━━━ RECORDED INFORMATION
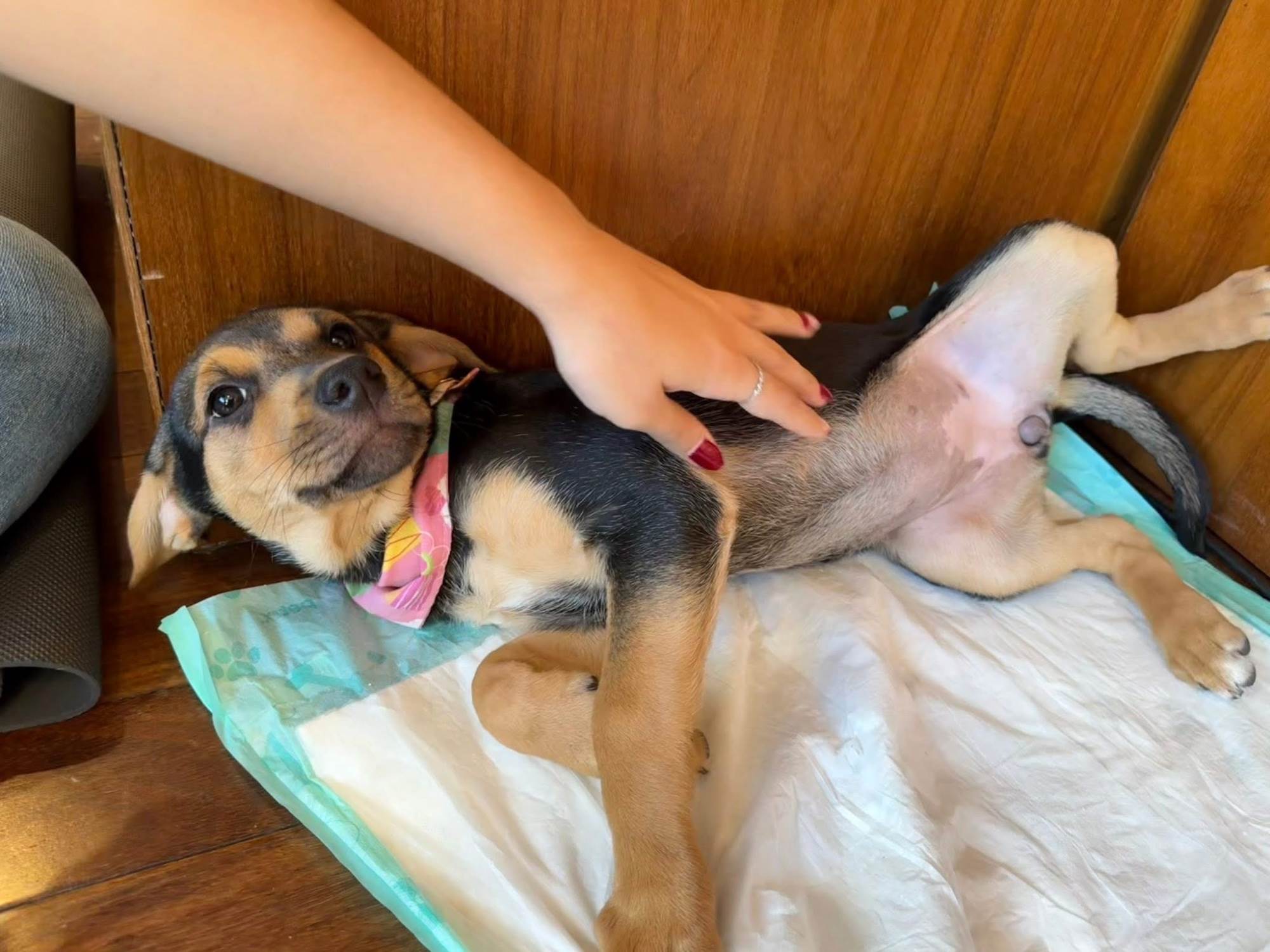 Assinado: Mariângela, 4-5meses, porte médio, vacinas finalizadas, castração obrigatória em um mês..
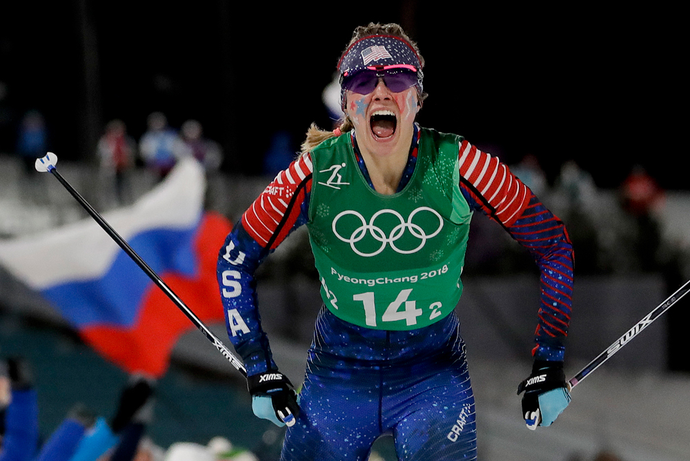 Jessie Diggins celebrates after winning the gold medal in the team sprint freestyle cross-country skiing final Feb. 21 at the 2018 Winter Olympics in Pyeongchang, South Korea.
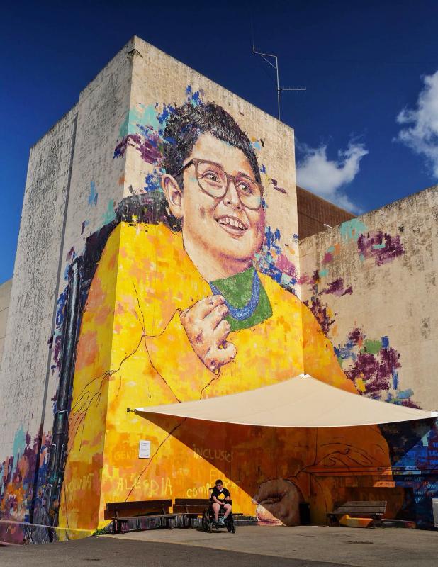 “I present to you Toni Serra, the student of Aproscom chosen through a draw to be the image of the 4th edition of the @proyecto.somriu.” SOM – RIU is a participatory mural project to aid people with intellectual disabilities. Learn more! Visit a previous GLaM post: SOM – RIU.
━━━━━━
## ABOUT THIS EXERCISE
Exactly as written, return every line of the listing, but not the pictures.

## EXERCISE SOLUTION
 Assinado: Mariângela, 4-5meses, porte médio, vacinas finalizadas, castração obrigatória em um mês..
 Jessie Diggins celebrates after winning the gold medal in the team sprint freestyle cross-country skiing final Feb. 21 at the 2018 Winter Olympics in Pyeongchang, South Korea.
 “I present to you Toni Serra, the student of Aproscom chosen through a draw to be the image of the 4th edition of the @proyecto.somriu.” SOM – RIU is a participatory mural project to aid people with intellectual disabilities. Learn more! Visit a previous GLaM post: SOM – RIU.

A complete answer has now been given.